> _Task directions_: Beneath this line are entries. Copy the range from the line with "3.1. Após selecionar" to the line with "Malá osiřelá holčička, která", ends included, exactly; leave pictures out.

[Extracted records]

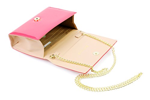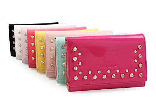 Details: This adorable messenger bag is made of polished patent leather with lots of sparkling rhinestones on the front. It has a magnetic snap closure and a removable golden chain strap (drop21 inch).It features only 1 large room for your daily items such as keys, cash, change, coins ,lipstick, mirror and mobilephone.Interiror also 6 card slots and a slit interlayer for your most important papers. So pretty and trendy is it that it will be girls' best gift.
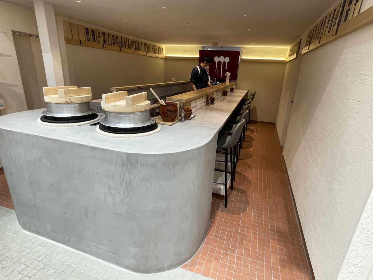 店内の飲食スペースには、カウンター席が13席ほど。大きな羽釜がインパクト大で、モダンな空間に和のエッセンスをプラスしています。
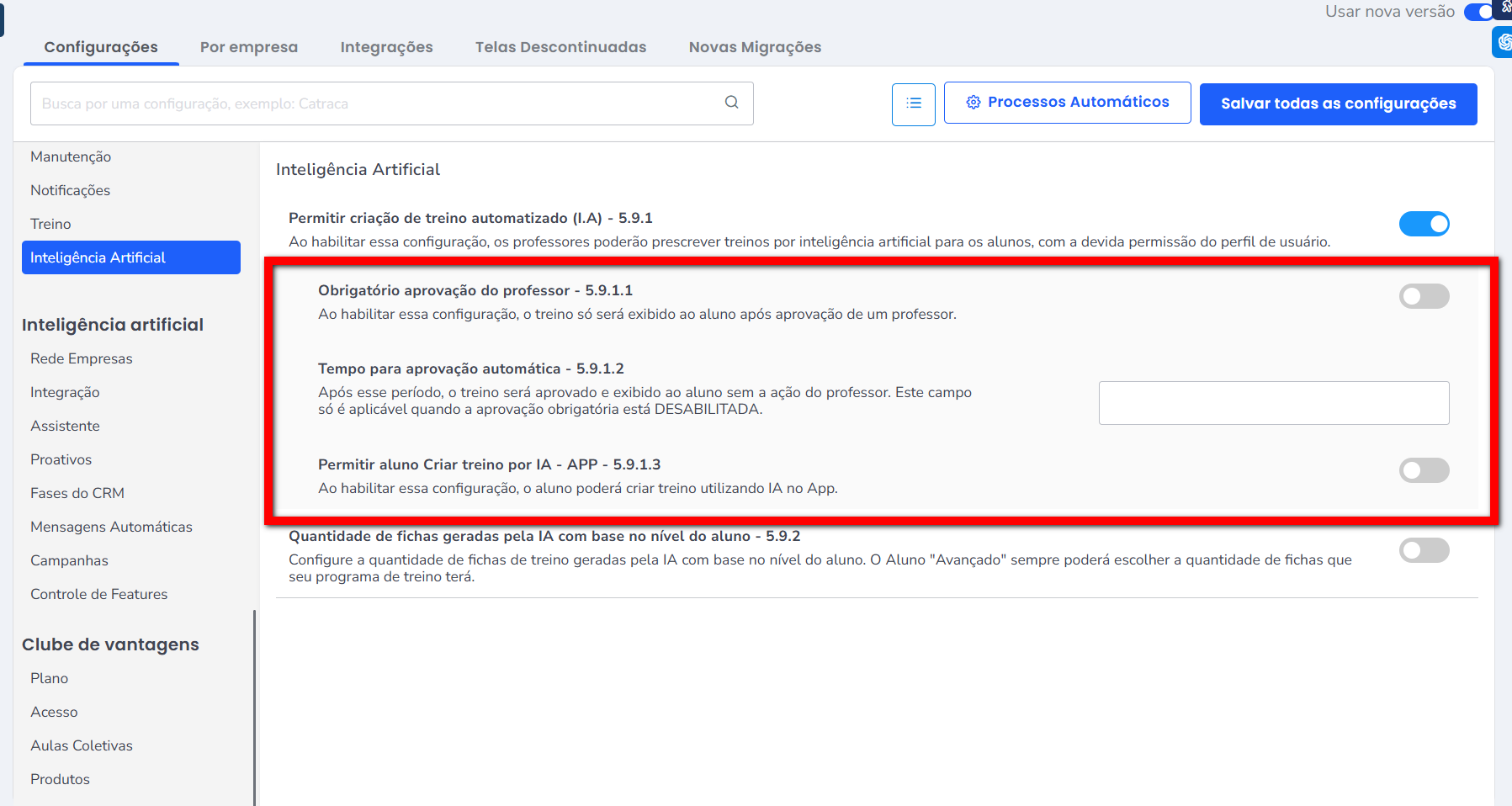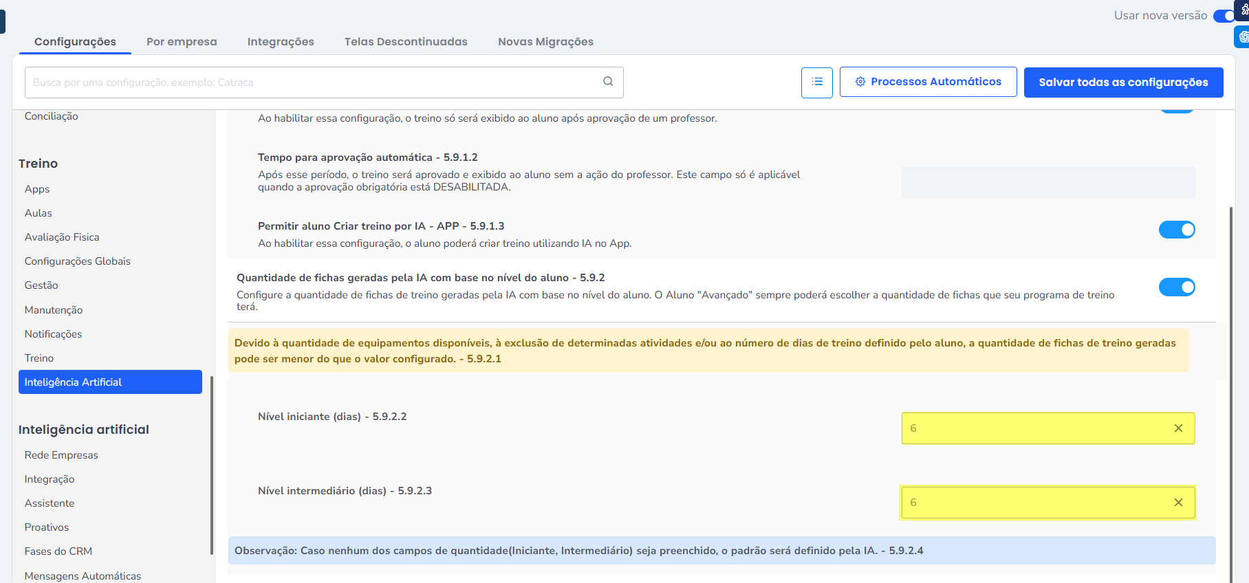 3.1. Após selecionar a opção “Permitir criação de treino automatizado (IA)” serão liberadas mais três configurações, que devem ser realizadas.
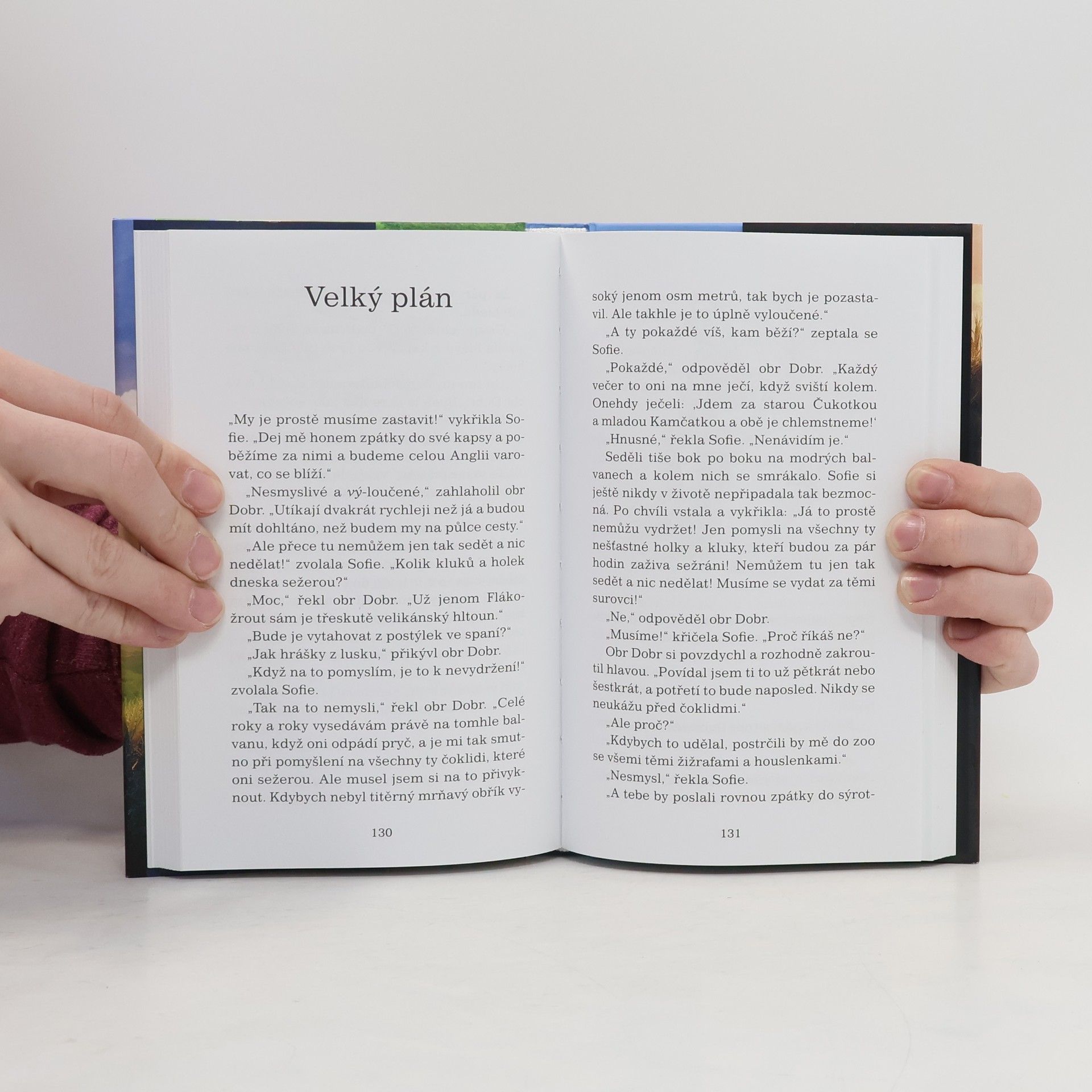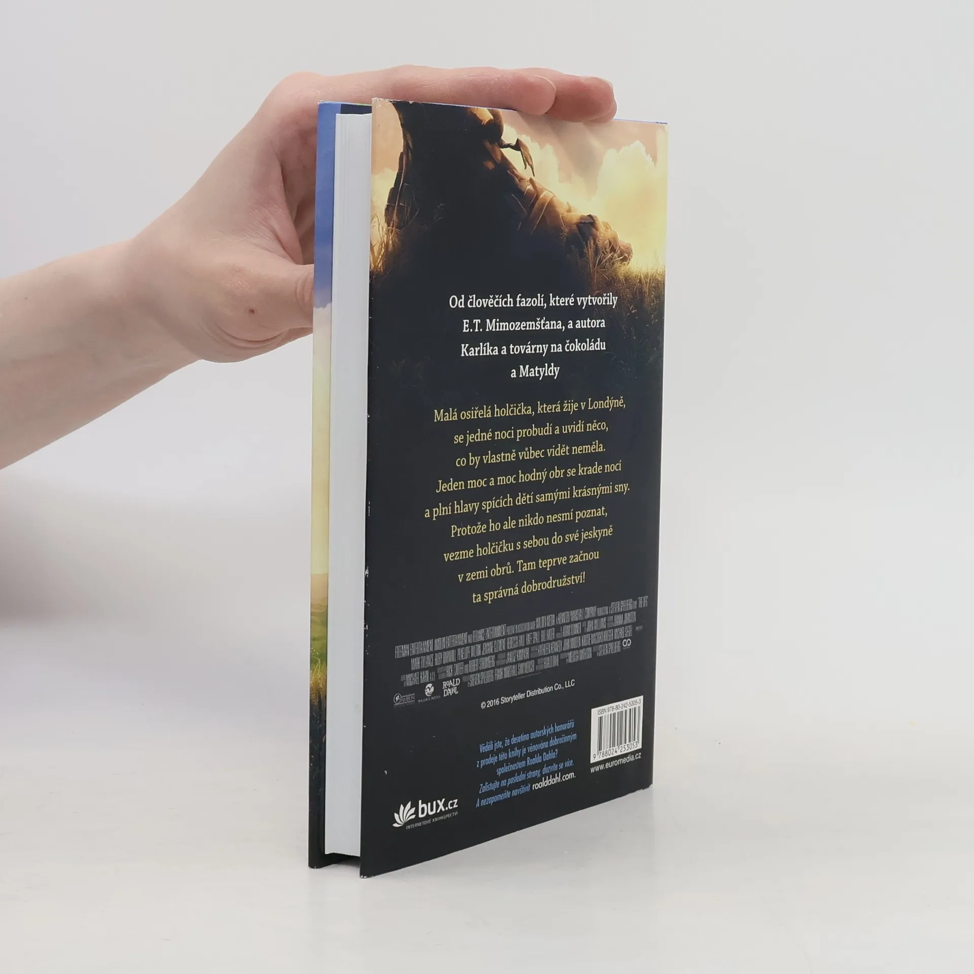 Malá osiřelá holčička, která žije v Londýně, se jedné noci probudí a uvidí něco, co by vlastně vůbec vidět neměla. Jeden moc a moc hodný obr se krade nocí a plní hlavy spících dětí samými krásnými sny. Protože ho ale nikdo nesmí poznat, vezme holčičku s sebou do své jeskyně v zemi obrů. Tam teprve začnou ta správná dobrodružství! Knihu zfilmoval Steven Spielberg. Stejnojmenný film přijde do českých kin 30.6.2016.
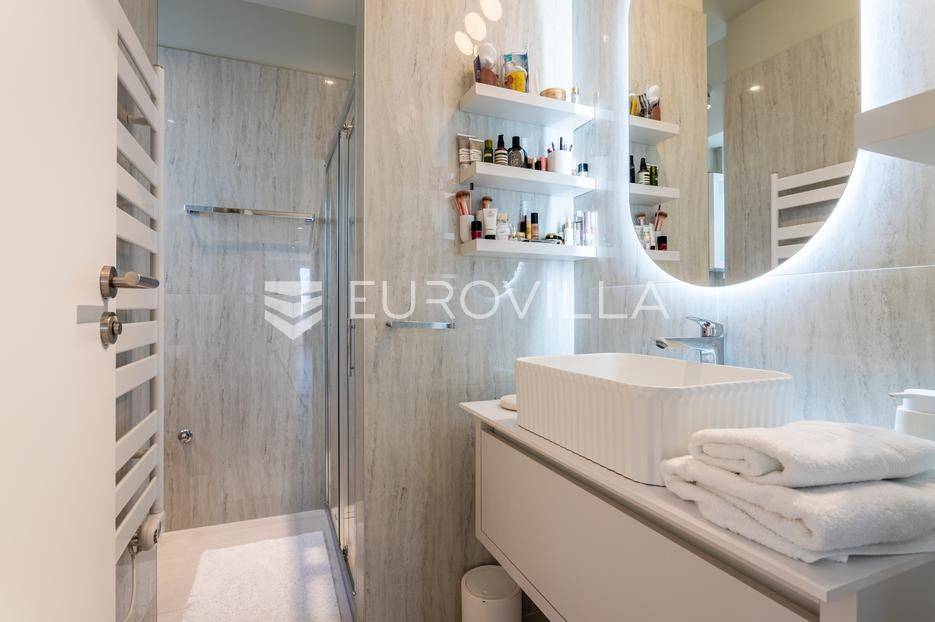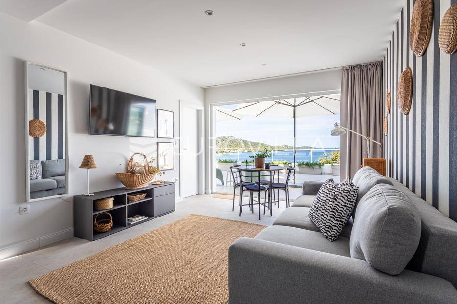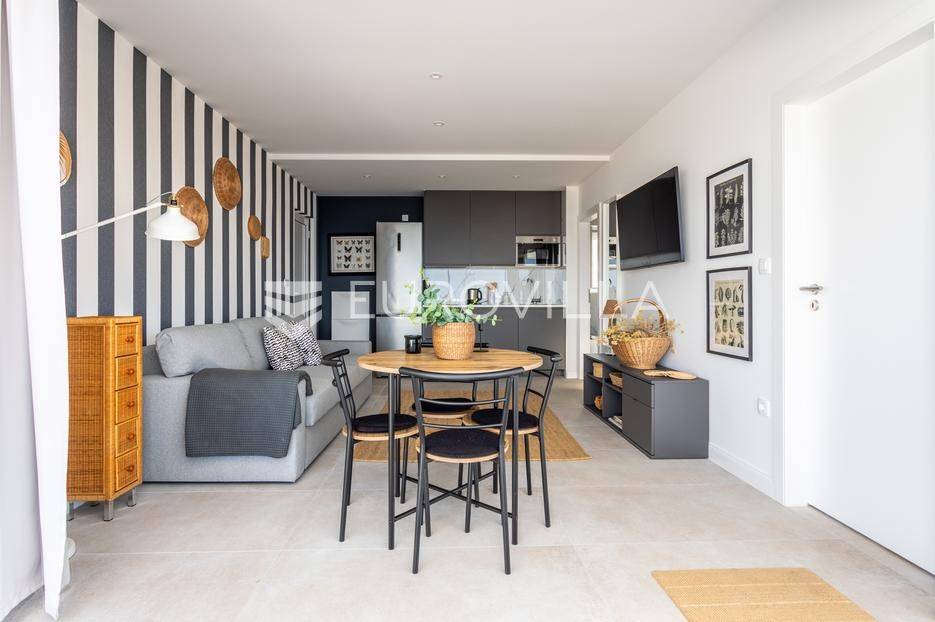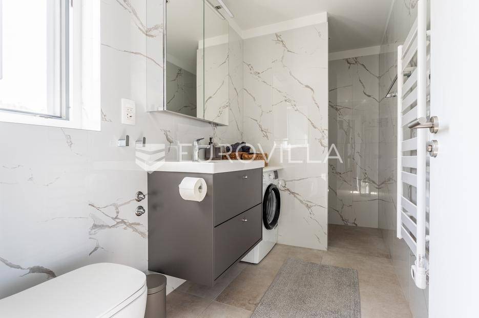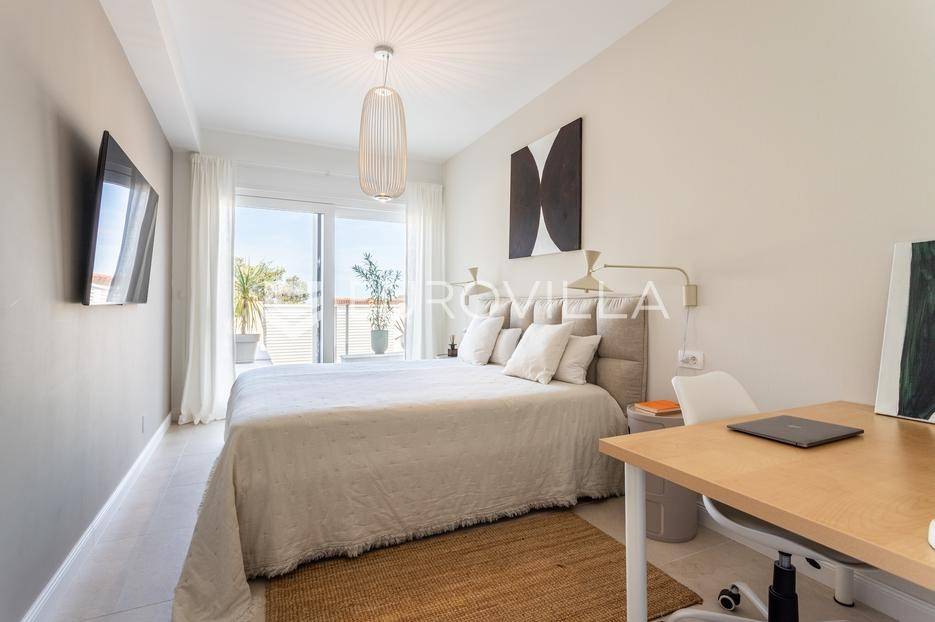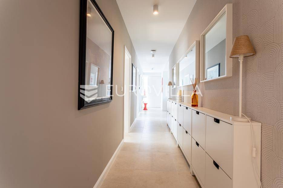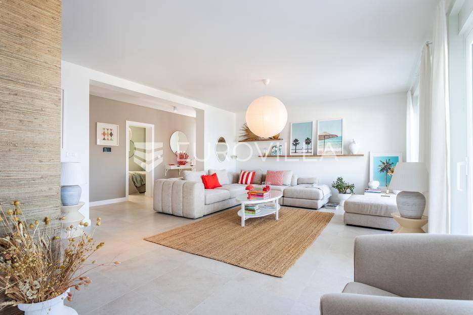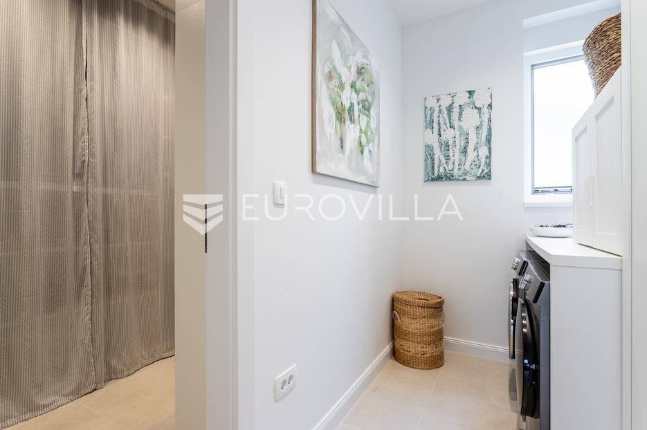 Rogoznica, Ražanj, prekrasna kuća s bazenom i pogledom na more, ukupne površine 390,51 m² te neto korisne površine 246,67 m² u potpunosti renovirana 2024. godine. Prodaje se potpuno namještena i opremljena, te idealna za odmor ili turistički najam.Izgrađena na 2 etaže na parceli od 398 m². Sastoji se od prizemlja u kojem se nalazi prostrani dnevni boravak, kuhinja i blagovaonica, 3 spavaće sobe, dvije kupaonice te vešeraj i walk in ormar. Iz boravka i blagovaonice izlazi se na prostranu terasu s bazenom, sunčalištem, prostorom za roštiljanje i pogledom na more. Vanjskim stepenicama dolazi se na kat gdje se nalazi zaseban apartman koji se sastoji od dnevnog boravka s kuhinjom i blagovaonicom, jedne spavaće sobe i kupaonice. Velike staklene površine apartmana se u potpunosti otvaraju te apartman postaje jedno s terasom na kojoj je jacuzzi, sunčalište i vanjski tuš. Stepenicama iz prizemlja se spušta u garažu za dva automobila.Kuća je građena po vrhunskim standardima, te je uređena dizajnerskim namještajem. Svaka prostorija ima klima uređaj, te je ugrađeno podno grijanje. Od opreme kuća ima solarne panele snage 6Kw, video nadzor, pripremu za punionicu za el. aute, garažna vrata na daljinsko upravljanje te vrhunske kuhinjske aparate. Kuća je na odličnoj lokaciji, manje od 50 metara od mora. U moru ispred kuće vlasnik ima i corpo morto, tako da kupac može imati i brod odmah ispred kuće.Sve ostale informacije na upit.... Više na eurovilla.hr, ID: 145955

> _Result of the task_:
 3.1. Após selecionar a opção “Permitir criação de treino automatizado (IA)” serão liberadas mais três configurações, que devem ser realizadas.
 Malá osiřelá holčička, která žije v Londýně, se jedné noci probudí a uvidí něco, co by vlastně vůbec vidět neměla. Jeden moc a moc hodný obr se krade nocí a plní hlavy spících dětí samými krásnými sny. Protože ho ale nikdo nesmí poznat, vezme holčičku s sebou do své jeskyně v zemi obrů. Tam teprve začnou ta správná dobrodružství! Knihu zfilmoval Steven Spielberg. Stejnojmenný film přijde do českých kin 30.6.2016.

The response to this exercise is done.